I chose hyperparameters in a really ad hoc way, mainly by looking at people's choices in other competitions. This brings up some subtle points that I don't really understand:

- Although obviously there's no "best" initial choice of hyperparameters, one shouldn't be reinventing the wheel when doing *preliminary*, "benchmark" ML experiments. There should be some *convention* for model choices/hyperparameters for every fixed type of learning problem. 
    - Although sklearn's "default" choices are the obvious choice, they change and therefore lack reproducibility. The software part of the reproducibility can be fixed with requirements.txt files, but this doesn't address the human part of the equation. 
    - The goal of this would not be to get a really good model, but to just set a context for the nature and difficulty of the learning problem that is established by convention. 
        - I can't emphasize the *convention* part! 
    - An simple use case would be to say with confidence that, for example, some 'expensive' ML algorithm gives *statistcally significant* improvements over more conventional methods.
    - The analysis should be extremely automated and thorough.
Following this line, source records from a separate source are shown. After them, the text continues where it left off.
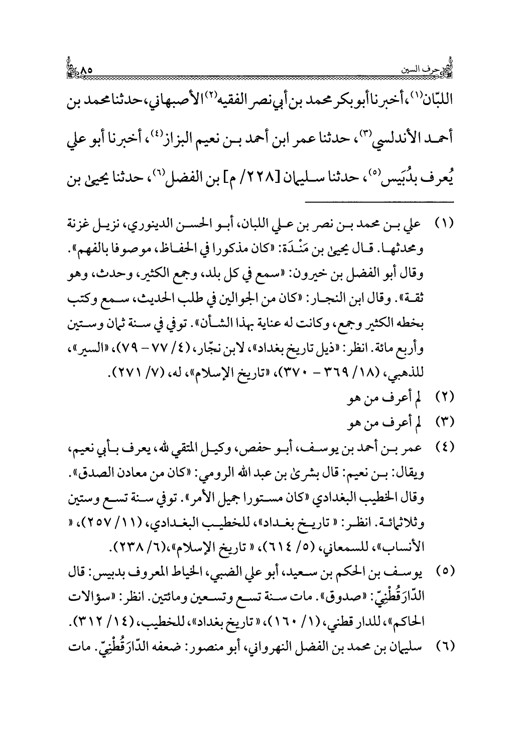 اللبّان (¬١)، أخبرنا أبو بكر محمد بن أبي نصر الفقيه (¬٢) الأصبهاني، حدثنا محمد بن أحمد الأندلسي (¬٣)، حدثنا عمر ابن أحمد بن نعيم البزاز (¬٤)، أخبرنا أبو علي يُعرف بدُبَيس (¬٥)، حدثنا سليمان بن الفضل (¬٦)، حدثنا يحيى بن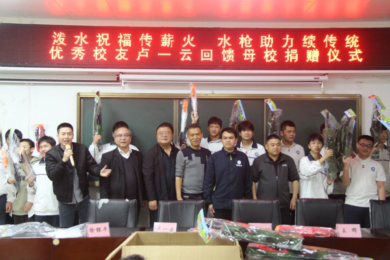 捐赠仪式上,校领导和校友以水枪泼水造型合影,象征团结与希望,共同记录美好时刻。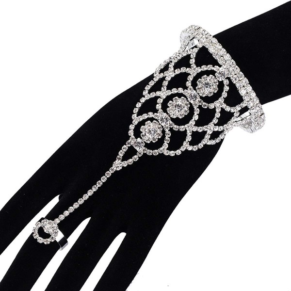 Kenjudess Sparkling Rhinestone Slave Bracelet with Finger Ring Bridal Luxury Crystal Harness Bangle Chain Wedding Prom Hand Accessories for Women (E)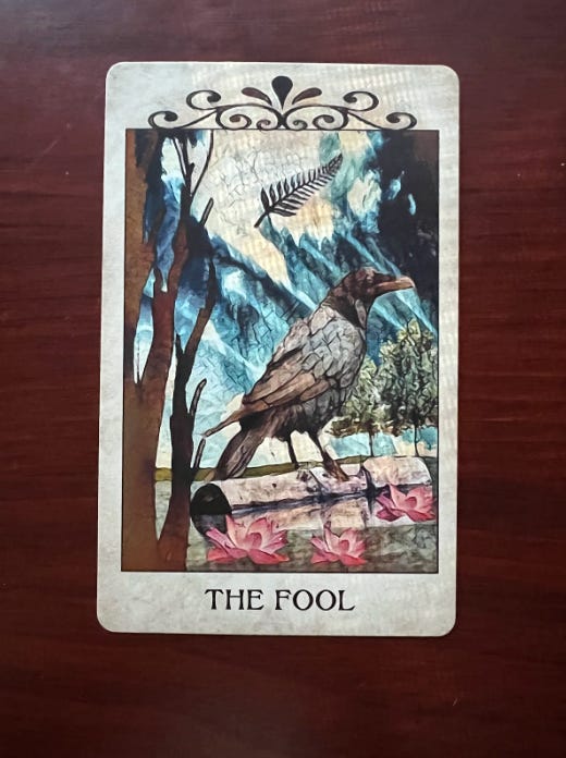The tarot card that came up was the Fool — a card I love. The beginning of the Major Arcana journey.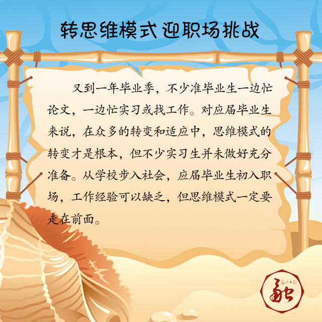 又到一年毕业季,不少准毕业生一边忙论文,一边忙实习或找工作。对应届毕业生来说,在众多的转变和适应中,思维模式的转变才是根本,但不少实习生并未做好充分准备。从学校步入社会,应届毕业生初入职场,工作经验可以缺乏,但思维模式一定要走在前面。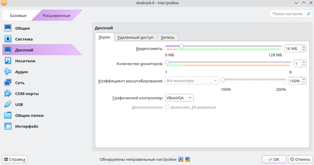 Затем перейдите в меню «Дисплей», установите видеопамять 16 МБ и выберите Графический контроллер «VboxVGA».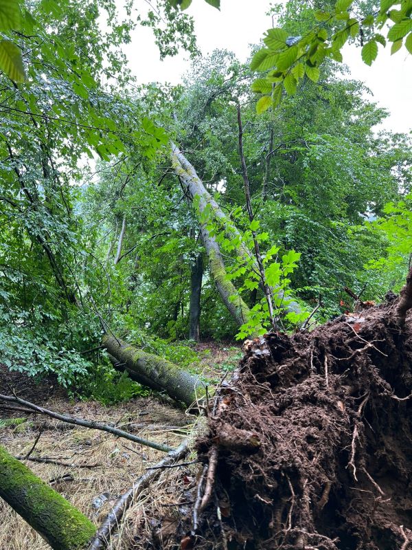 Mehrere Bäume waren auf dem Radweg zwischen Schleuse Neckarsteinach und Neckarhäuserhof aufgrund des Starkregens umgestürzt. Zusammen mit der Abt. Mückenloch wurden die Bäume entfernt und der Radweg gesperrt.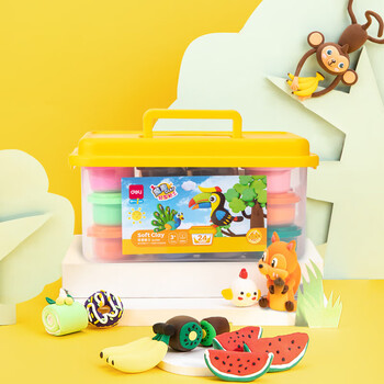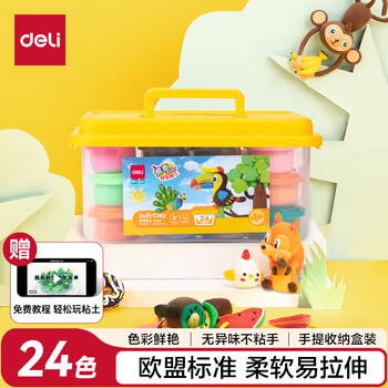 得力(deli)(deli)24色超轻粘土 玩具黏土彩泥橡皮泥美术手工DIY制作太空沙收纳箱 生日儿童开学文具

For concreteness, I will restrict myself to classification problems, where the features have been engineered (e.g. the "trivial" engineering where the features are given by the raw data)
The analysis should give:
- breakdowns of the distribution of features amongst each class. 
- Distributions of confusion matrices, and summary statistics of these distributions
- Precision/sensitivy/accuracy broken down by classes.


In [1]:
import numpy as np
import yaml
from sklearn.linear_model import LogisticRegression
from sklearn.ensemble import RandomForestClassifier
from sklearn.svm import SVC
from sklearn.model_selection import ParameterGrid
from sklearn.pipeline import Pipeline

In [5]:
with open("sample_hyperparameters.yml", "r") as ymlfile:
    params = yaml.safe_load(ymlfile)

params
model_names = params.keys()

In [6]:
with open(r'stored_file.yaml', 'w') as file:
    documents = yaml.dump(params, file)